#### WORK TASK
Beginning with the line that holds "Τη μεγαλύτερη αύξηση" and ending with the last line below, please copy every line exactly, add nothing, and leave out the pictures.

#### Excerpts from a dataset
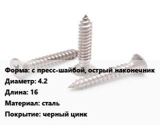Саморез с пресс-шайбой, острый наконечник D=4.2 L=16 сталь черный цинк, упаковка 1000 шт цена от 500.41 ₽ / кг, где купить, условия доставки в Ижевске и Республике Удмуртия области
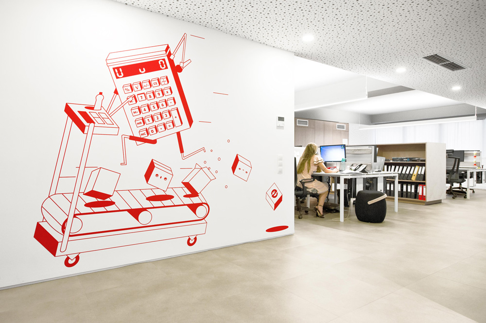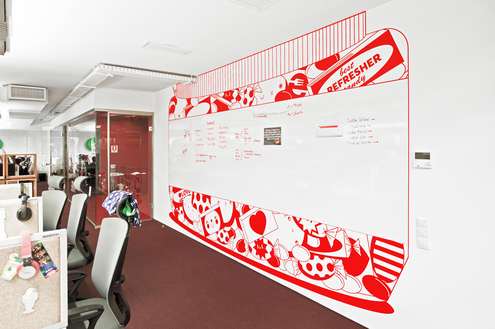 The lobby, the restaurant, the finance department and the call centre are just few examples that worked as a reference for the ‘foodie’ characters to be born. The illustrations reflect the energy and the values of efood with a nerdy sense of humour, inspired from the Social Media and other sources like: technology, hype culture, food, pop culture and human traits. Many hidden and tiny images can be found around the place and specific characters often appear more then once in different actions. This way the graphics almost become a version of an experimental modern comic.
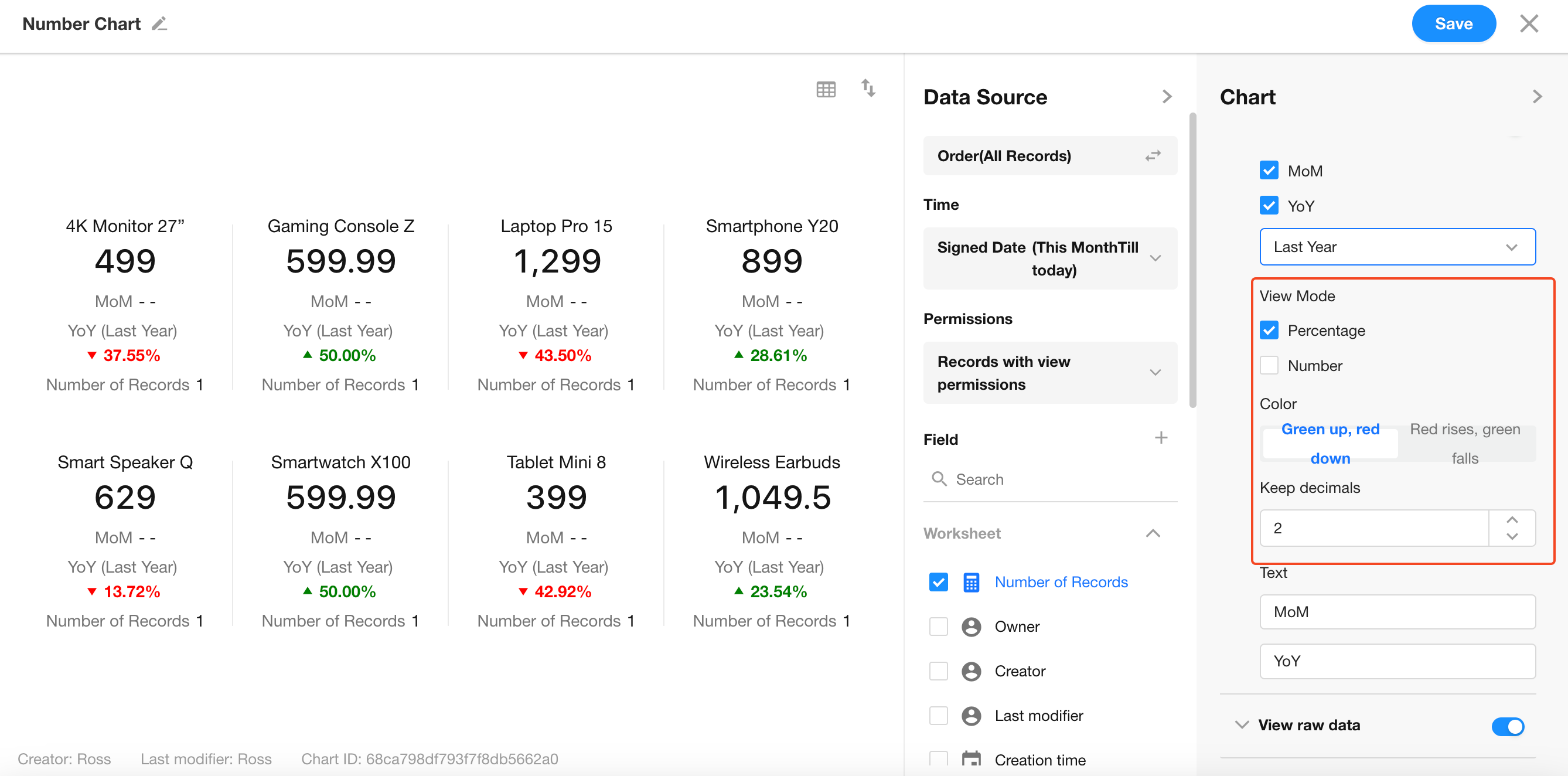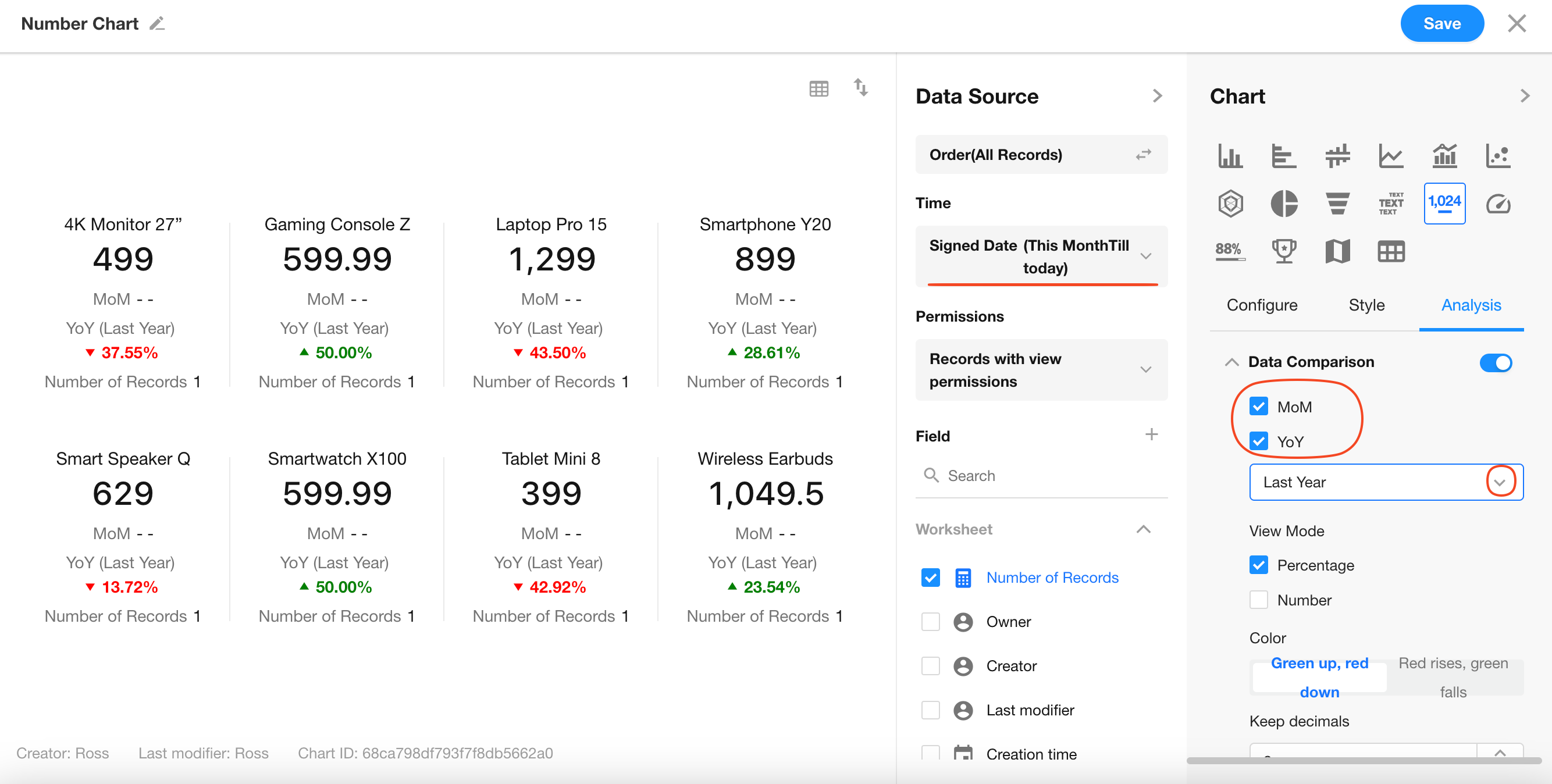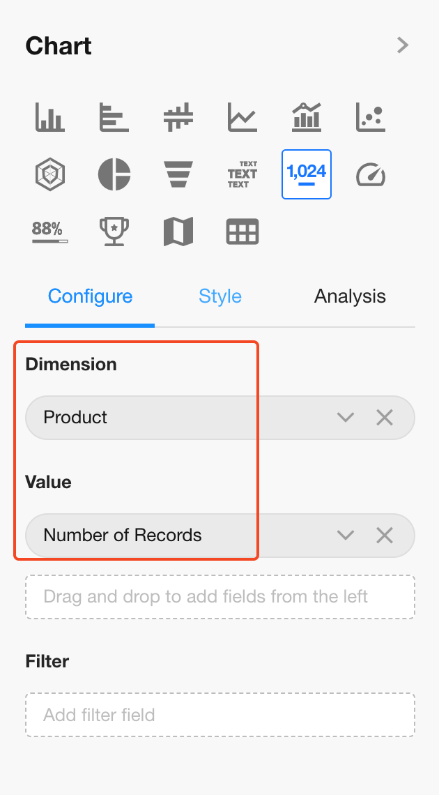 You can configure multiple value fields. If a dimension is selected, only the first value field supports MoM/YoY comparison; additional fields do not.
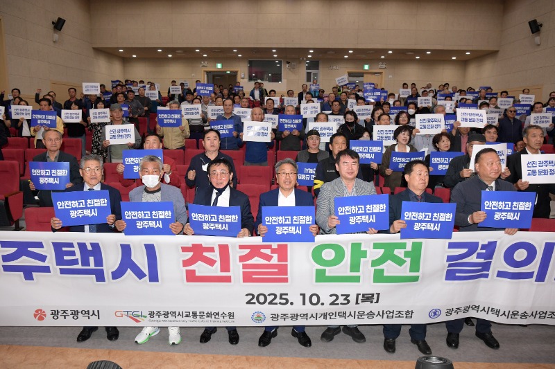 광주광역시(시장 강기정)는 23일 광주교통문화연수원에서 ‘택시운수종사자 친절·안전 결의대회’를 열고 신뢰받는 택시 서비스 구현을 위한 실천 의지를 다졌다.
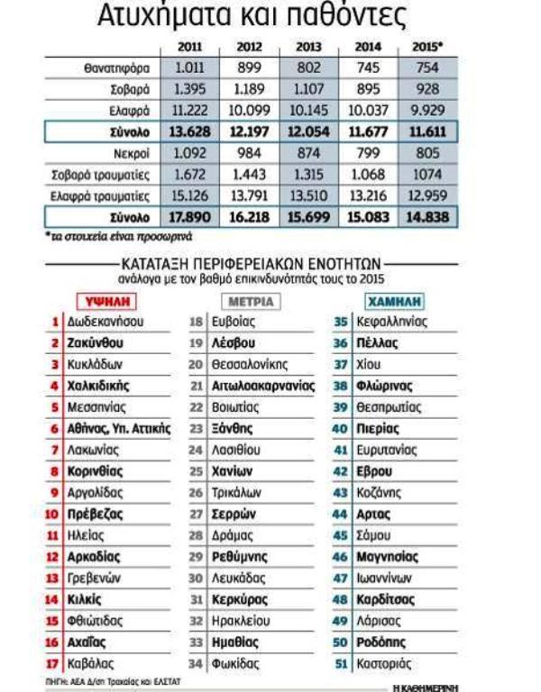Τη μεγαλύτερη αύξηση νεκρών εμφανίζει η Αθήνα με 25 θύματα περισσότερα απ’ ό,τι το 2014, η Μεσσηνία με 17, η Ζάκυνθος με 8, τα Δωδεκάνησα και το Λασίθι με 7. Τη μεγαλύτερη μείωση εμφανίζουν η Λάρισα (με 12 θύματα λιγότερα από το προηγούμενο έτος), η Καρδίτσα (-10), η Αιτωλοακαρνανία (-9) και η Μαγνησία (-7).
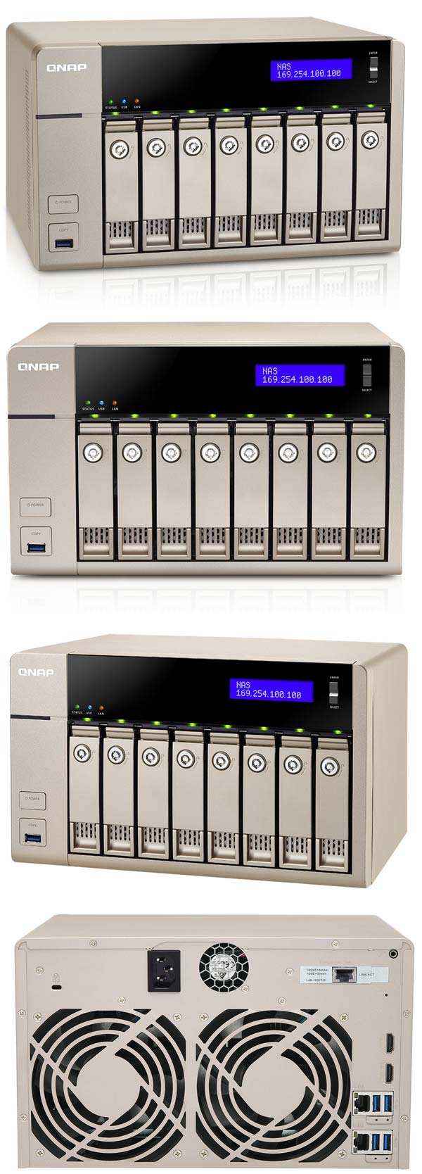 Сегодняшняя новинка именуется TVS-863+, изделие рассчитано на работу с восемью HDD/SSD (3.5/2.5") одновременно, сами накопители в комплект не входят. Основан аппарат на 2.4ГГц 4-ядерной APU от AMD с графикой Radeon, объём оперативной памяти зависит от модели и может быть равен восьми гигабайтам или же шестнадцати гигабайтам, слотов всего два.
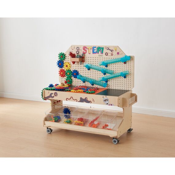 Мобильный STEM-стол - идеальное дополнение к любому дошкольному или начальному школьному классу. Подходит для развития мелкой моторики рук и зрительно-моторной координации, логического и творческого мышления, навыка конструирования и воображения, знакомства со STEM-обучением.
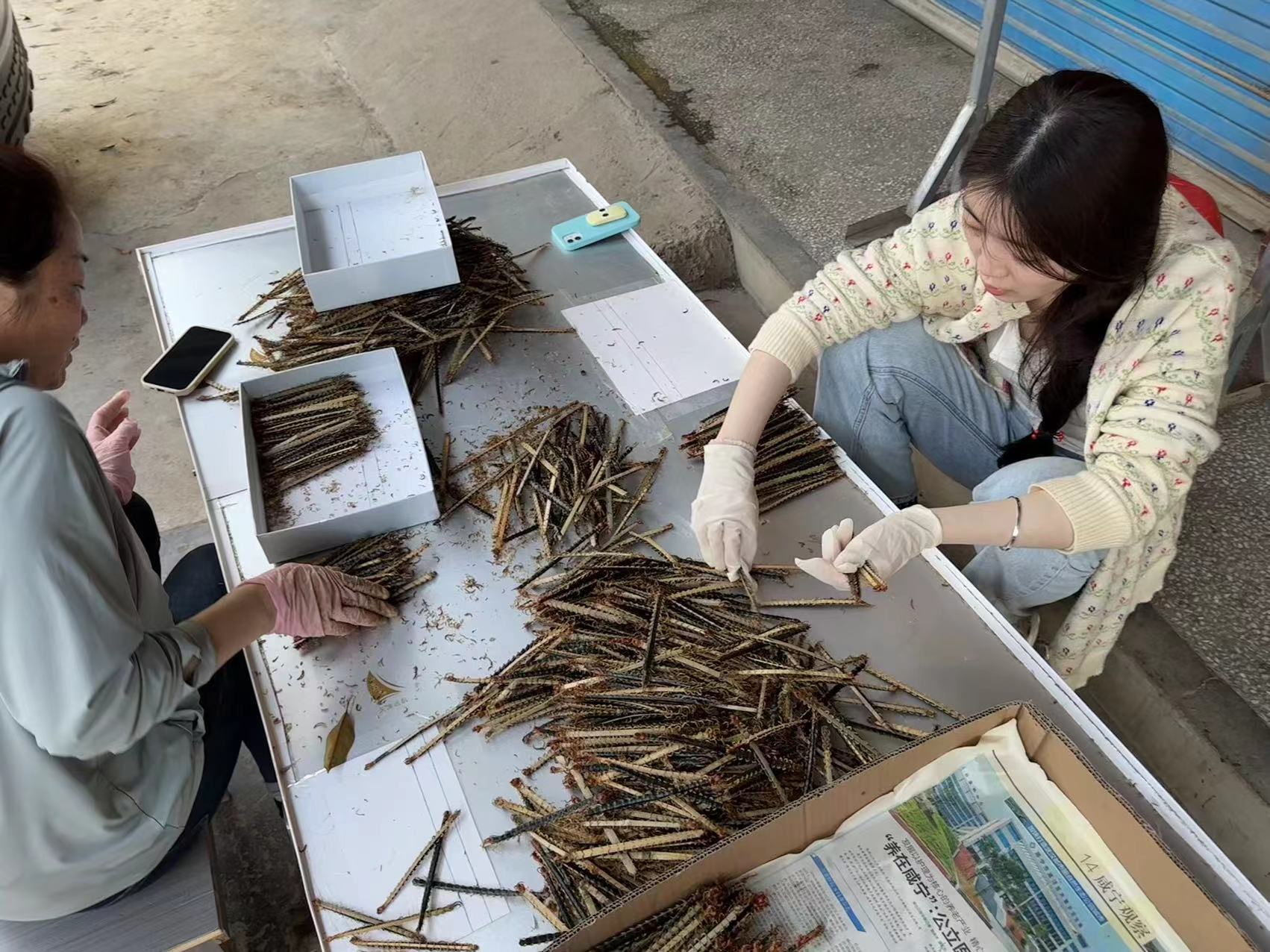 “竹片串好的大蜈蚣能賣(mài)三塊,小點(diǎn)的一兩塊錢(qián),碰到悶熱天氣蜈蚣多,一晚上能捉上千條,不想串起來(lái)就按斤賣(mài),一斤260塊錢(qián)左右?!弊津隍嫉拇迕裉锵壬f(shuō),“抓到蜈蚣后要及時(shí)用竹片撐開(kāi),才有個(gè)好品相,從3月底到5月底,再往后,氣溫高了就不好抓了?!?/p>
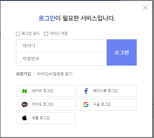 카카오, 구글, 페이스북, 애플 등으로 로그인을 하실 수 있으니 간단하게 회원가입하실 수 있습니다.
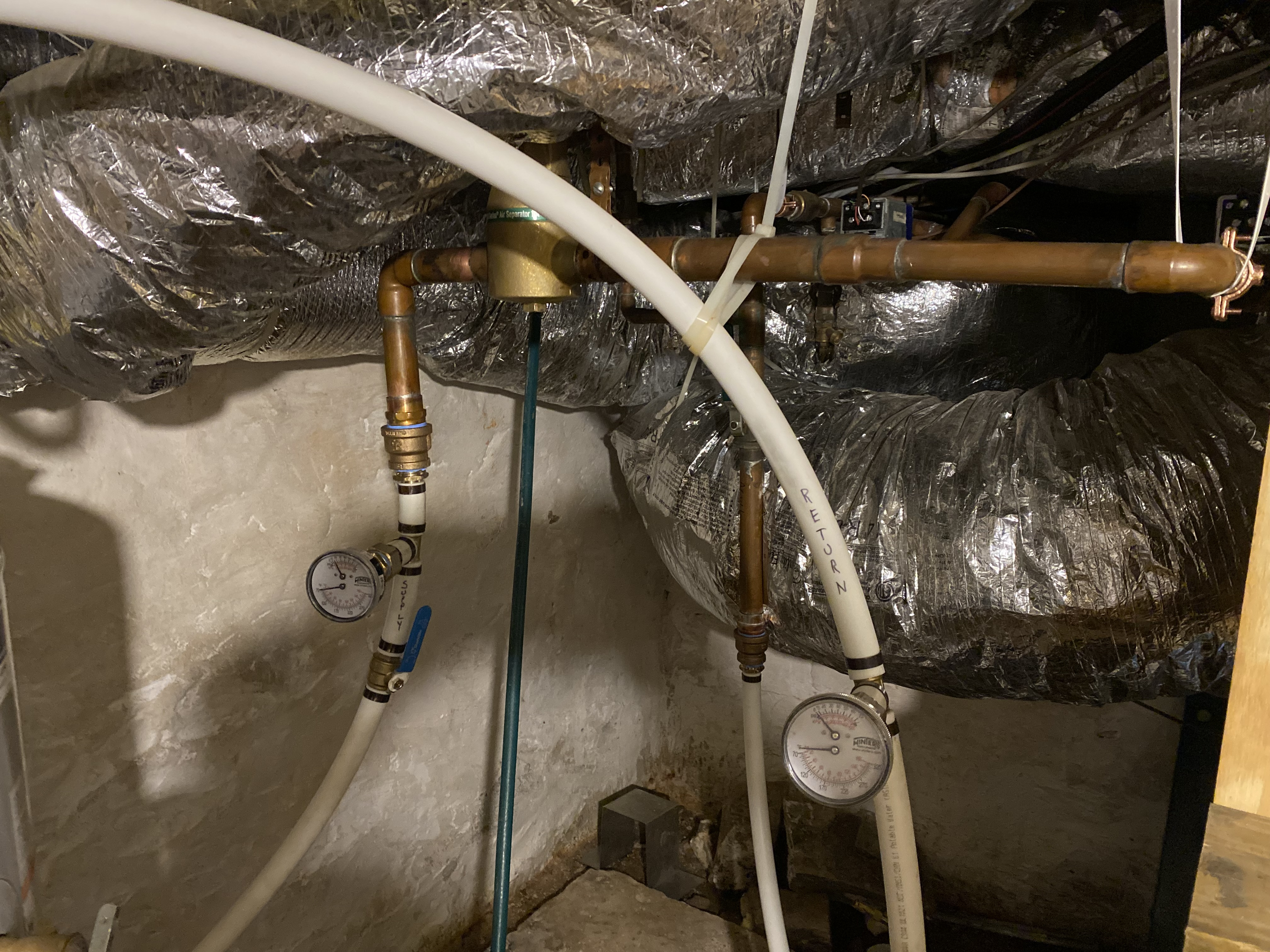 One thing to note is that I have a T right before the downstairs zone return “manifold” and it has valves to shut off each side. I know very little about the routing and design of the baseboard pipes themselves; but I am learning more everyday! This last purge I closed one at a time to see if maybe there was air trapped in the “parallel” loops within the downstairs zone. One side was simple to purge but the other never relented in the amount of air being forced through the pipe and out the drain. This was even with the fast fill, pump running at 38w and 170deg water.
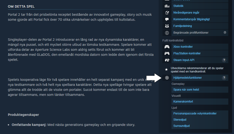 Accessibility features for a specific game are now visible on the right hand side of the store page
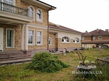 Вирівнювання території, корчування рослинності, підготовчі роботи для вкладання бруківки, встановлення бордюрів.

#### RESPONSE TO THIS TASK
Τη μεγαλύτερη αύξηση νεκρών εμφανίζει η Αθήνα με 25 θύματα περισσότερα απ’ ό,τι το 2014, η Μεσσηνία με 17, η Ζάκυνθος με 8, τα Δωδεκάνησα και το Λασίθι με 7. Τη μεγαλύτερη μείωση εμφανίζουν η Λάρισα (με 12 θύματα λιγότερα από το προηγούμενο έτος), η Καρδίτσα (-10), η Αιτωλοακαρνανία (-9) και η Μαγνησία (-7).
 Сегодняшняя новинка именуется TVS-863+, изделие рассчитано на работу с восемью HDD/SSD (3.5/2.5") одновременно, сами накопители в комплект не входят. Основан аппарат на 2.4ГГц 4-ядерной APU от AMD с графикой Radeon, объём оперативной памяти зависит от модели и может быть равен восьми гигабайтам или же шестнадцати гигабайтам, слотов всего два.
 Мобильный STEM-стол - идеальное дополнение к любому дошкольному или начальному школьному классу. Подходит для развития мелкой моторики рук и зрительно-моторной координации, логического и творческого мышления, навыка конструирования и воображения, знакомства со STEM-обучением.
 “竹片串好的大蜈蚣能賣(mài)三塊,小點(diǎn)的一兩塊錢(qián),碰到悶熱天氣蜈蚣多,一晚上能捉上千條,不想串起來(lái)就按斤賣(mài),一斤260塊錢(qián)左右?!弊津隍嫉拇迕裉锵壬f(shuō),“抓到蜈蚣后要及時(shí)用竹片撐開(kāi),才有個(gè)好品相,從3月底到5月底,再往后,氣溫高了就不好抓了?!?/p>
 카카오, 구글, 페이스북, 애플 등으로 로그인을 하실 수 있으니 간단하게 회원가입하실 수 있습니다.
 One thing to note is that I have a T right before the downstairs zone return “manifold” and it has valves to shut off each side. I know very little about the routing and design of the baseboard pipes themselves; but I am learning more everyday! This last purge I closed one at a time to see if maybe there was air trapped in the “parallel” loops within the downstairs zone. One side was simple to purge but the other never relented in the amount of air being forced through the pipe and out the drain. This was even with the fast fill, pump running at 38w and 170deg water.
 Accessibility features for a specific game are now visible on the right hand side of the store page
 Вирівнювання території, корчування рослинності, підготовчі роботи для вкладання бруківки, встановлення бордюрів.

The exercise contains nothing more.